WHAT IS THIS ALL ABOUT
This is an attempt of an Arts Practice-Based Research-project about the descendants of the Fandango in Hispanic America, and its relationship with European baroque dances. It has however a political goal: to create a music style that fills in the silence of the oppressed groups in the former Hispanic colonies. I do this by developing a stylistic hybrid between the different dances through arrangement and improvisation. The main goal of this website, is to share insights of this process with you, in the hope that this inspires like-minded people to pursue their dreams of bringing arts in harmony with their social values, and to make our role as artists more meaningful for our society!
What is Postcolonial in Postcolonial Fandango?
The justification for my work has been borrowed from Postcolonial Studies, a field of literary studies that tries to contest western hegemonic views through the perspectives, experiences and knowledge from people from the former colonies of the big European empires in Africa, Latin America and Asia (the “global south” or the “third world”).
When put in relationship to the performance of colonial music from Latin America in Early Music concerts, a postcolonial thinking demands a commentary on the function this music had in colonial society - unlike most of the performances known under the name “Missional Baroque” or “Latin American Baroque”, to which public and performers have assigned a certain “wold-music” character, “making it suspicious of charges of complicity in papering over the hugely conflicted sphere of contemporary geopolitics with an artificially harmonious global imaginary“ (Baker, 2008).
Instead of amplifying the colonial message, deposited in the archives of Latin American cathedrals, I choose to imagine the sound of the voices that were not written down, eavesdropping through the oral traditions. It is precisely this what G. Baker proposes as one of the alternatives to the uncommented performance of colonial music:
“The idea of invention can also be brought to bear on the issue of repertory. The voices of subaltern groups have been lost because most of their music was not notated but was transmitted orally. A focus on elite, notated music perpetuates Western musical imperialism. By bringing lost popular music traditions back to life, by turning to reinvention and improvisation, performers may reinsert excluded cultures where they have been written out or have vanished from texts. The musicologist may identify notation as an example of the imperialism of Western literacy, but the performer has the possibility of doing something about it (...)" (Baker 2008, 444)
Since I am myself a violinist educated in historical performance practice, the focus of my research is to identify the baroque elements of style and performance preserved through fandango-traditions, which acted as time-capsules, retaining instruments and poetical and musical forms dating back to the XVII and XVIII centuries. My main research question has been:
What kind of knowledge can be gained by a performer versed in Historical Performance Practice through the performance of different Fandango musics, in its both written-aristocratic-, and oral-popular expressions?
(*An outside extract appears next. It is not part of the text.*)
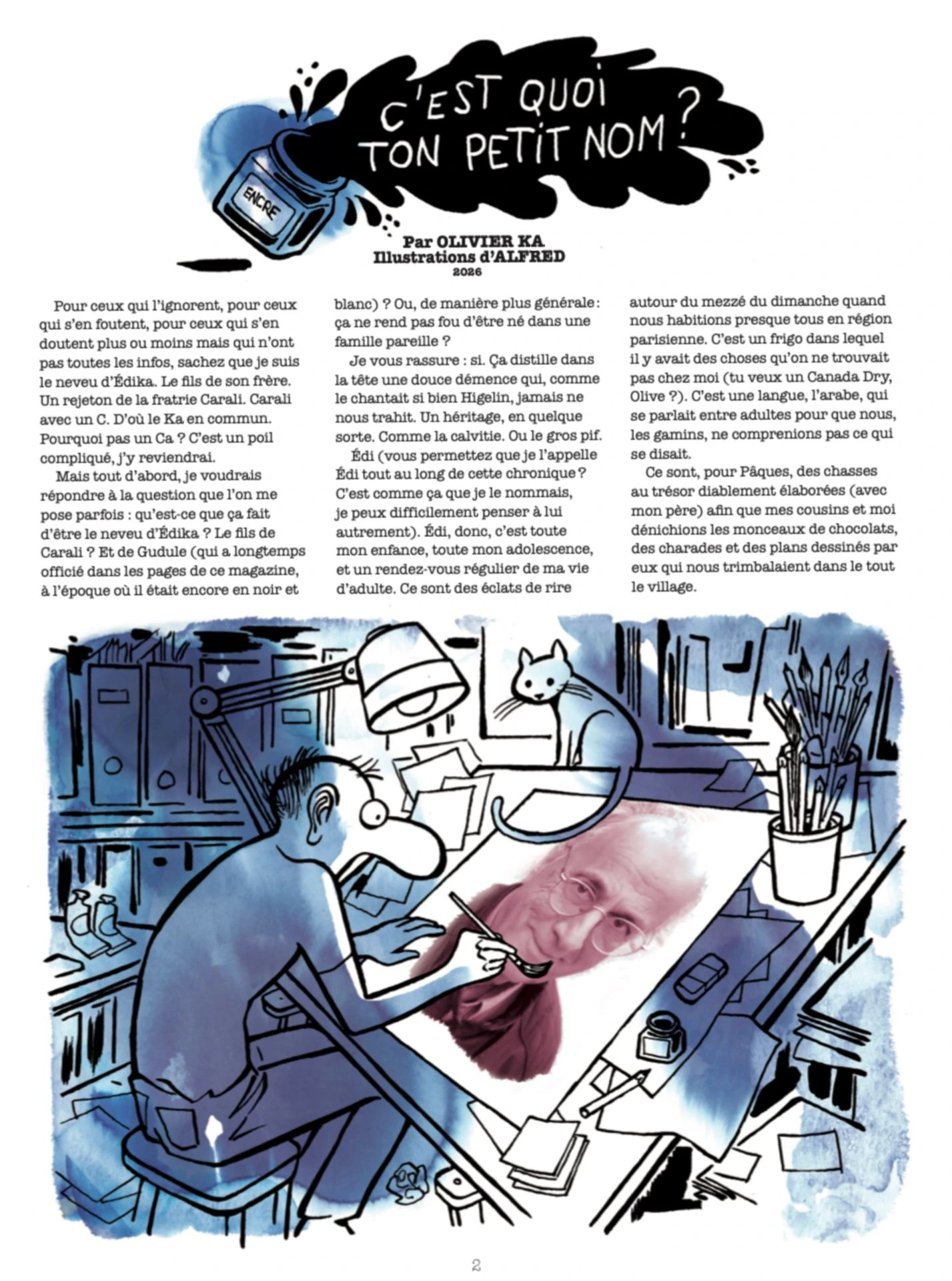 Fluide Glacial, journal créé par Gotlib auquel je participe régulièrement aujourd'hui, lui rend hommage à travers un hors-série disponible en kiosques depuis le 12 février (et pendant trois mois). J'ai écrit, pour l'occasion, un texte-souvenirs jalonnés d'anecdotes concernant mon enfance à ses côtés et l'orthographe de nos noms qui est un joyeux bordel. J'ai demandé à Alfred, mon pote de coeur, de l'illustrer, ce qu'il à fait avec le talent et la tendresse qu'on lui connaît.

Can I identify parallelisms and cross-fertilizations? I have put a strong focus on understanding the morphology of this music their particular rhythmic profiles. I am convinced that can through comparison with historical dance-forms I can shed light into the genealogy, origins and historical development of these dances. Some insights into the relationship between European baroque dances and the Hispanic oral traditions that engendered them can only be empirically apprehended through performance and improvisation. An “analytical performance” of this spectrum of dances, can lead to contribute to its dating and categorization.
Research-Presentation
In the last 20 years, the term Latin American Baroque has been used to refer to programs containing music from colonial Hispanic America. Although the term is associated with musical cross-breeding, colonial music documents rather the absence of afro-hispanic or hispanic-amerindian musical features (Baker, 2008). By accepting the impossibility to find the written "Mestizo Baroque", this research chooses to "re-imagine it" from orality. Taking the Fandango musical family as a framework, it enters into playful dialogues between the XVIII century European fandango and its surviving folklore counterparts: the Mexican Son Huasteco and the Colombo-Venezuelan Joropo. Through analysis and transcription of oral sources, style comparison, arrangement, and historical improvisation, this research aims to create a musical product that resolves the identity tensions present in the Performance of Colonial Baroque Music under the label of Latin American Baroque.